Native middleware is sometimes tempting (because it’s what the framework ecosystem provides), but it reduces portability and often makes it harder to share code between adapters.
A good compromise is:
- keep your core middleware portable (auth, logging, timeouts, request id, tracing)
- use framework-native features only via well-documented escape hatches
Always check Err() once setup is done
Jetwarp does not panic on bad registration. It accumulates errors and keeps going.
This is intentional: it makes router setup robust and testable, and it allows you to collect multiple configuration issues in a single run.
But it means you must fail fast before serving traffic:
if err := r.Err(); err != nil {
log.Fatal(err)
}
Avoid registering routes directly on the underlying engine
Most adapters expose an engine escape hatch for debugging or narrow integrations.

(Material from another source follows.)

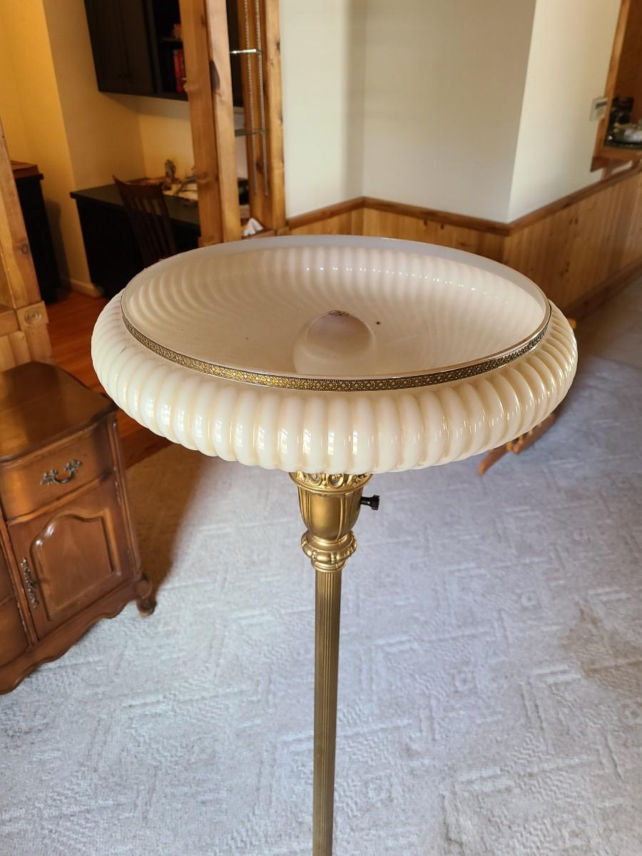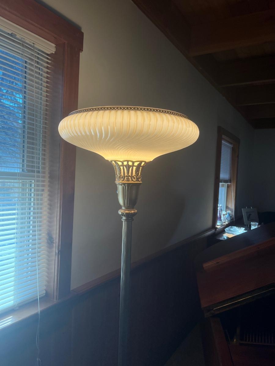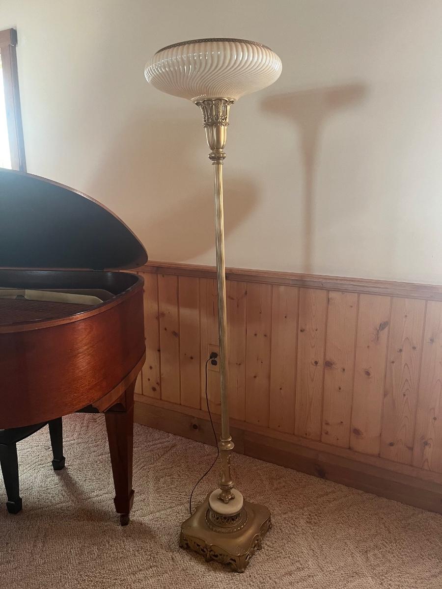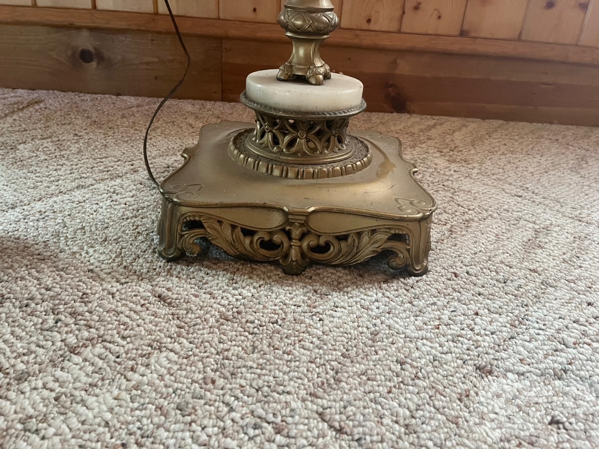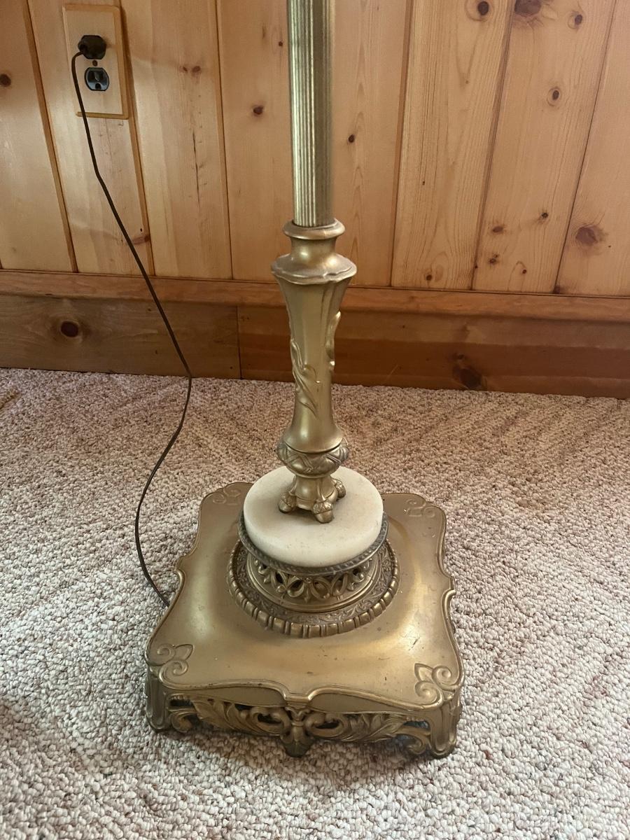 Lovely floor lamp. Does show some wear. Please see all pictures as they are the best representation of the items. The pictures show condition, measurements if taken, and what is included in the lot. Due to the large amount that we photograph and the time frame, we are not always able to take measurements. All items unless noted, are pre-owned and have been used. If you purchased furniture, you must bring help. We do not allow one person to carry large furniture out on their own. Bring help, tools and a truck for the safety of our client’s homes, and your personal safety. Any damages that result to the property including walls, and floors due to moving of the furniture will be charged to the buyer. Company policy. Thank you.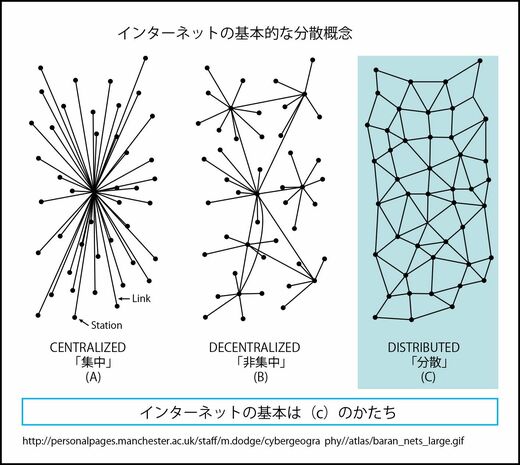 インターネットは、世界を一新しました。インターネットは、分散型です。ネットワークに接続された各ノードは完全分散型で、どこにも集中局がありません。インターネットが登場する前の電話交換網や大型コンピュータのオンラインネットワークなどは、必ず集中局があり、集中局が全体や部分を管理統括する役割を担っていました。

Registering routes directly on the engine usually bypasses:
- the registry snapshot
- deterministic middleware composition
- OpenAPI generation / docs tooling
Don’t rely on “interleaving” portable and native middleware
Today, built-in adapters reject native middleware (jetwarp.ErrNativeMWUnsupported), so you’ll only see the portable ordering.
If you are using (or writing) an adapter that does support native middleware, the rule is:
- ordering is preserved within portable and within native categories
- but insertion-order interleaving across the two categories is not part of the contract
If ordering matters, keep middleware portable, or keep native middleware isolated and well-tested.
Where to go next
- If you’re building a service: keep middleware portable and use
Group/Withto model your API structure. - If you’re building tooling: use the registry snapshot; don’t scrape the router engine.
- If you’re writing drivers: treat capability checks and ordering as contracts, and add suite tests for any new guarantee.